▶ Work instruction:
Exercise in exact copying: restate word for word only the lines below from the one containing "18cm 크로스바디 수납" through the one containing "Les volumes généreux, la", omitting any pictures.

▶ Exercise data:
• • •
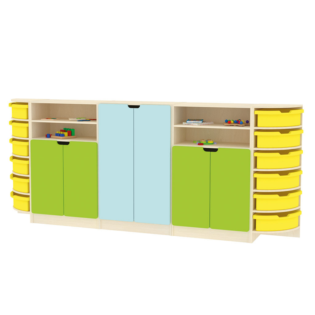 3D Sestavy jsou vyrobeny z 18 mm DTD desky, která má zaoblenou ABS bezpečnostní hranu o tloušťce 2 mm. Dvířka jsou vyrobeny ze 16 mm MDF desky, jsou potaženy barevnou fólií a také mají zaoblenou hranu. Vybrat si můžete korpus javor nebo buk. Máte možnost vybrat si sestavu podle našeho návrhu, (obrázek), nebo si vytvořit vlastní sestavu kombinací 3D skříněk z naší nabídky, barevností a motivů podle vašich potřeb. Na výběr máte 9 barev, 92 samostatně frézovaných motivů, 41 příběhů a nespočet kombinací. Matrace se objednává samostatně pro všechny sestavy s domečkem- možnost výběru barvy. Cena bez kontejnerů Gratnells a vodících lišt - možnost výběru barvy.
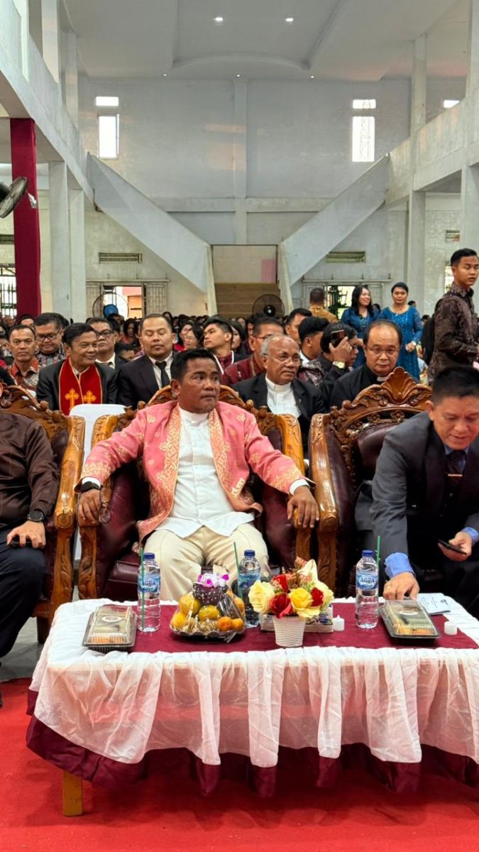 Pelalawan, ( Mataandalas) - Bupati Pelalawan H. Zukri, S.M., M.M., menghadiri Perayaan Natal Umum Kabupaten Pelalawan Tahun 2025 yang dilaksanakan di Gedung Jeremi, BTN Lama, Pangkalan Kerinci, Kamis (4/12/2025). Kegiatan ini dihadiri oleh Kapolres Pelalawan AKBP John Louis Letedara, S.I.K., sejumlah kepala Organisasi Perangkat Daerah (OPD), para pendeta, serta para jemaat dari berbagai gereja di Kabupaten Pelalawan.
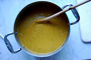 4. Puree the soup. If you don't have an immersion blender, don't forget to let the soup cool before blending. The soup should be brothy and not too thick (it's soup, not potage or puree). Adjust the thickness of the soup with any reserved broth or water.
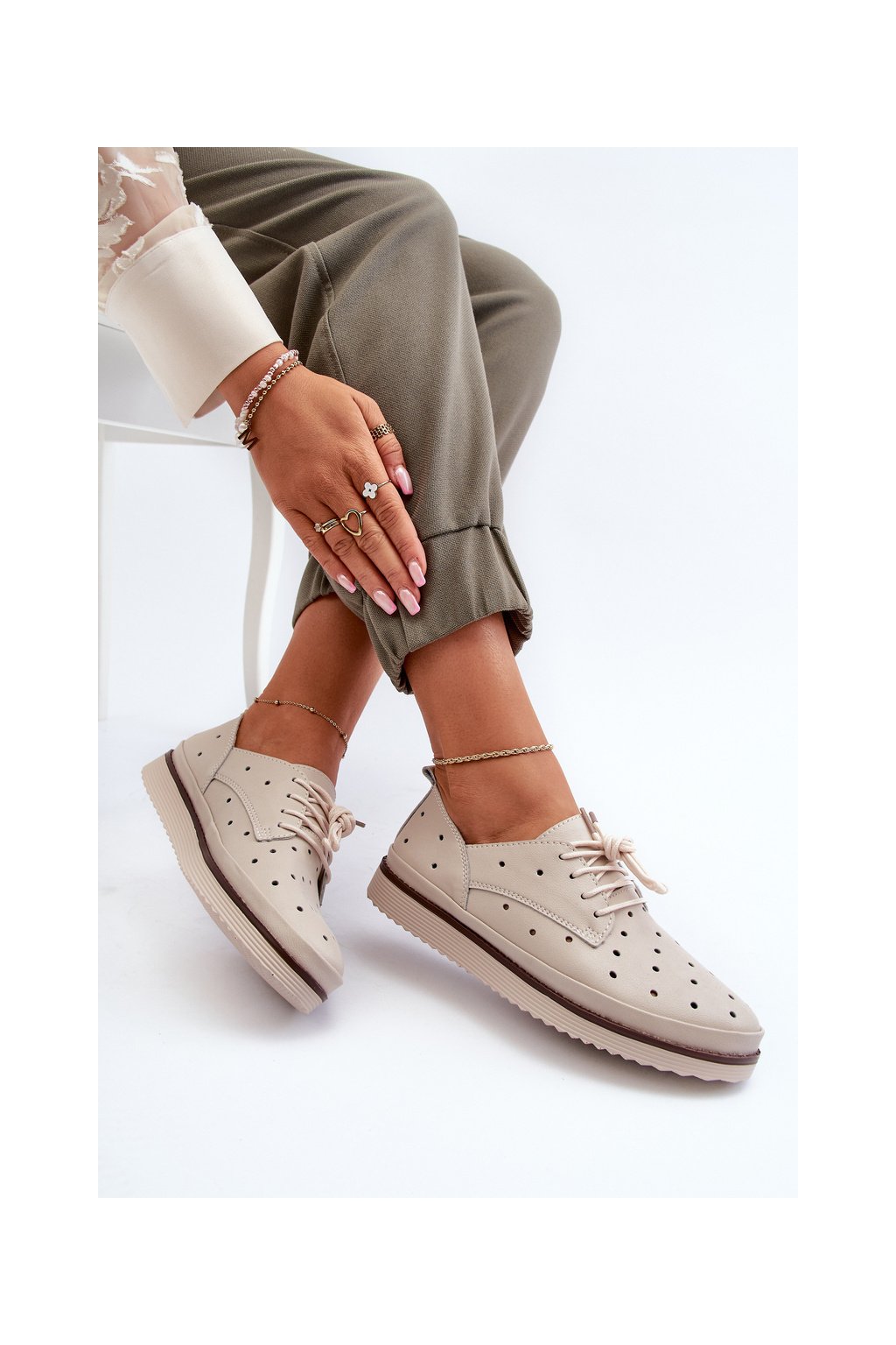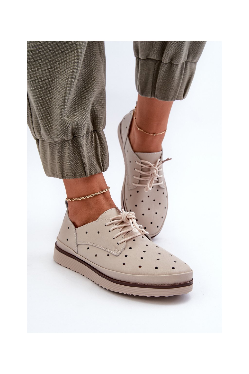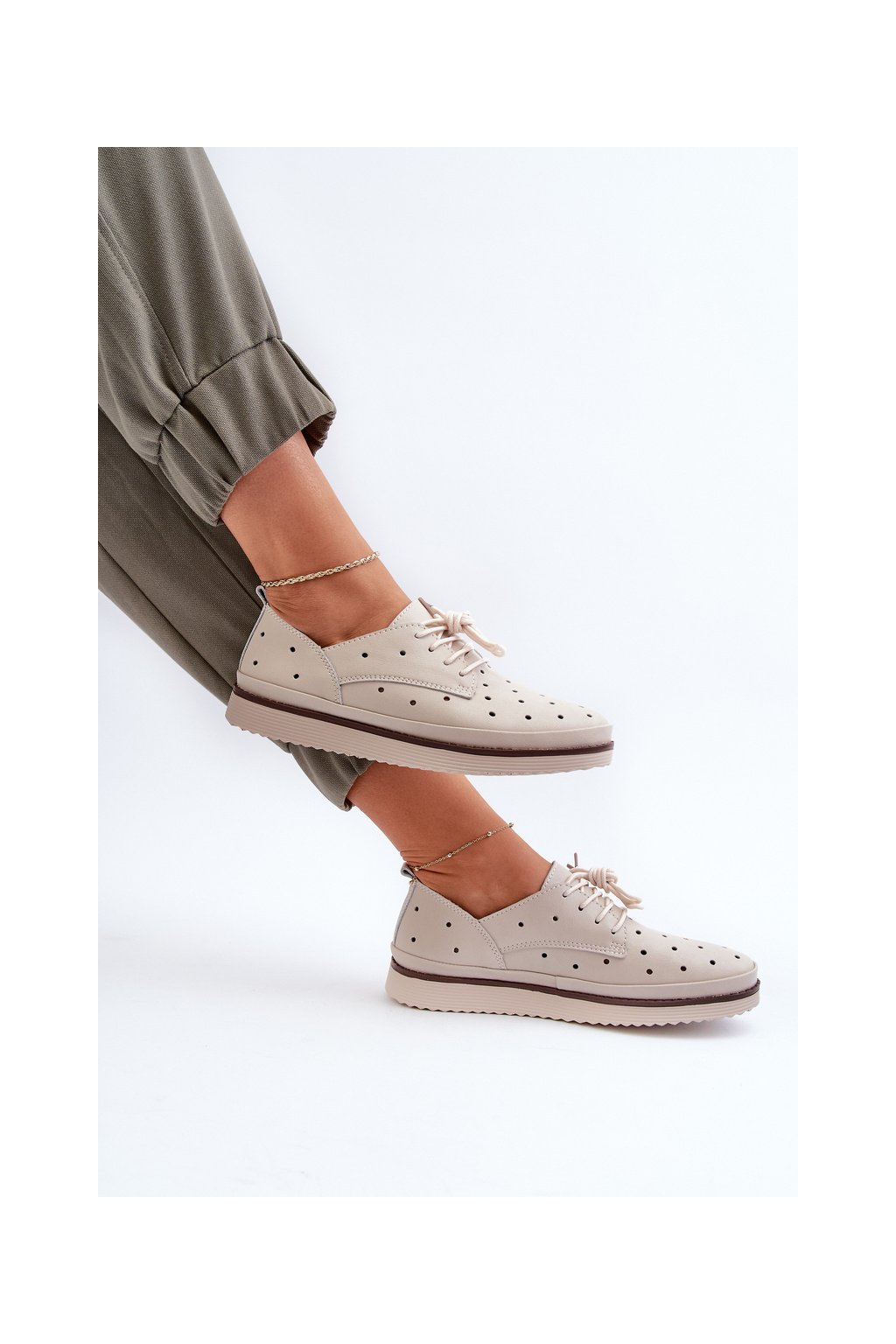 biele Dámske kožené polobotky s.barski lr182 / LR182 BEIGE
• • •
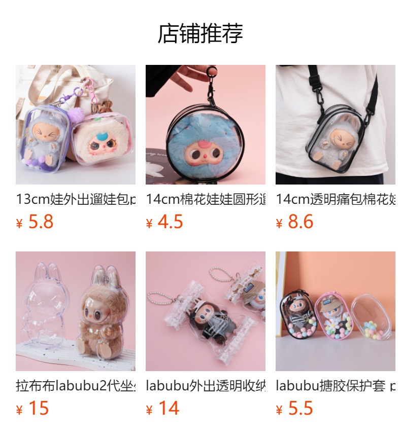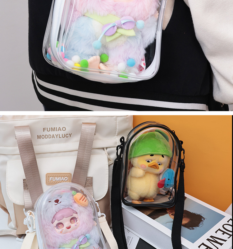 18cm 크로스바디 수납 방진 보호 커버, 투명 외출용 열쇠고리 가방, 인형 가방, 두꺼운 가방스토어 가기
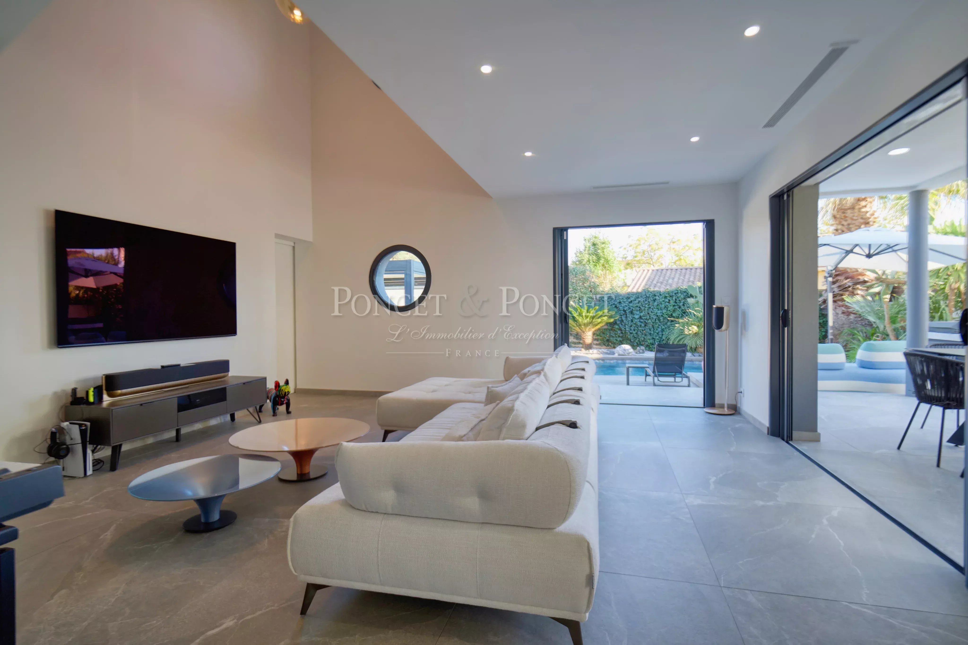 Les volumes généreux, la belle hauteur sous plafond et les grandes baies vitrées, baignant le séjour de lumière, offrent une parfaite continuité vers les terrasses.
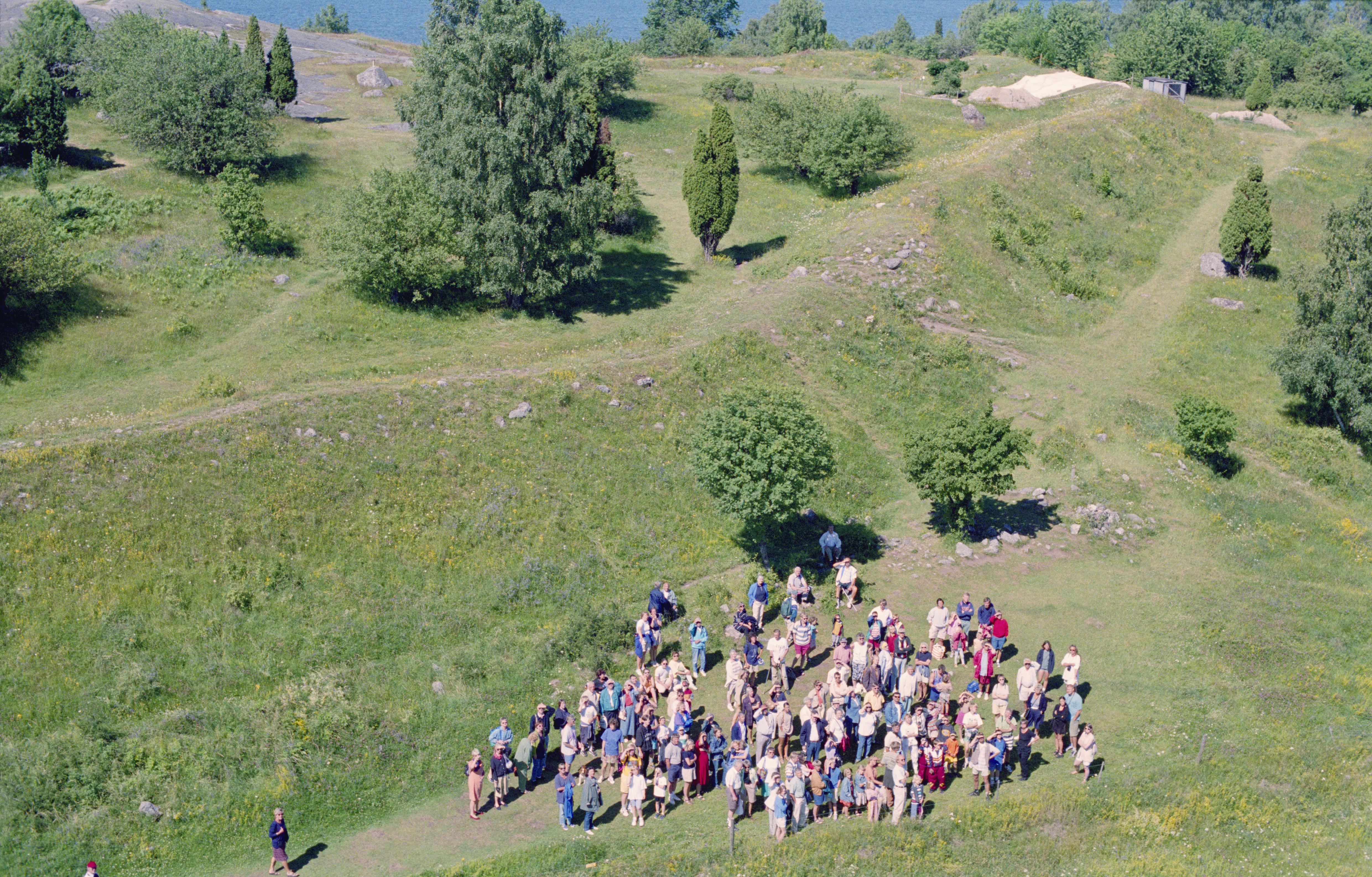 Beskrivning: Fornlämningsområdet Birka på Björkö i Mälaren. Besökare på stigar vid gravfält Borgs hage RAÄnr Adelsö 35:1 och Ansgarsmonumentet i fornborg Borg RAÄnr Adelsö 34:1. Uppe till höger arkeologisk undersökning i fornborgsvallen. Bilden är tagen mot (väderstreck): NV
• • •
▶ Task answer:
 18cm 크로스바디 수납 방진 보호 커버, 투명 외출용 열쇠고리 가방, 인형 가방, 두꺼운 가방스토어 가기
 Les volumes généreux, la belle hauteur sous plafond et les grandes baies vitrées, baignant le séjour de lumière, offrent une parfaite continuité vers les terrasses.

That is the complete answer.